### WHAT YOU WILL DO
With the pictures left out, print exactly the lines below that run from the one containing "Bei uns sind" through the one containing "2 × Bryston".

[[ DATA FOR ANALYSIS open ]]

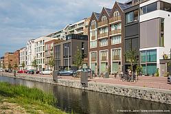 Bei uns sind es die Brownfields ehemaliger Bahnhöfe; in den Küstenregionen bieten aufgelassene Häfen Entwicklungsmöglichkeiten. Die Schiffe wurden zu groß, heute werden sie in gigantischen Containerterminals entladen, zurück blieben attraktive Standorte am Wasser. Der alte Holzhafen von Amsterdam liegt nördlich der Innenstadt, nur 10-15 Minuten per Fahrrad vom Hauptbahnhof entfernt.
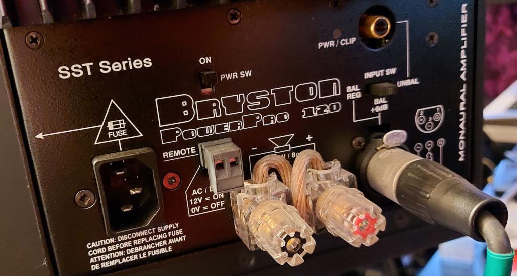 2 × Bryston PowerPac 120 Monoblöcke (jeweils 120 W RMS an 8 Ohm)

[[ DATA FOR ANALYSIS closed ]]
[[ DATA FOR ANALYSIS open ]]

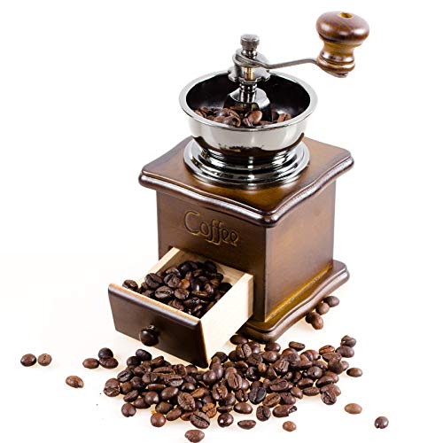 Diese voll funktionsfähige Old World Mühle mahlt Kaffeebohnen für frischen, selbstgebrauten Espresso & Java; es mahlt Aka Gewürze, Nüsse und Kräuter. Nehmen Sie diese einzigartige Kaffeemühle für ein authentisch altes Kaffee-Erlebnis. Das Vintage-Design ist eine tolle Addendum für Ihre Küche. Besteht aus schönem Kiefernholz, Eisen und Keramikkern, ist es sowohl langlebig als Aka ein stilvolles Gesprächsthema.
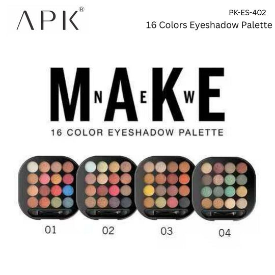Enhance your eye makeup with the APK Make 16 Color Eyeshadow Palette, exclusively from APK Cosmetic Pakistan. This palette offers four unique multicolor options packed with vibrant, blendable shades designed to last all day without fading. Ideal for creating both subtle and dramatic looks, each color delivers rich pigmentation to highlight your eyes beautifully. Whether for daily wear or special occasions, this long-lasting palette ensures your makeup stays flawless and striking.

[[ DATA FOR ANALYSIS closed ]]

### RESULT OF THE EXERCISE
 Bei uns sind es die Brownfields ehemaliger Bahnhöfe; in den Küstenregionen bieten aufgelassene Häfen Entwicklungsmöglichkeiten. Die Schiffe wurden zu groß, heute werden sie in gigantischen Containerterminals entladen, zurück blieben attraktive Standorte am Wasser. Der alte Holzhafen von Amsterdam liegt nördlich der Innenstadt, nur 10-15 Minuten per Fahrrad vom Hauptbahnhof entfernt.
 2 × Bryston PowerPac 120 Monoblöcke (jeweils 120 W RMS an 8 Ohm)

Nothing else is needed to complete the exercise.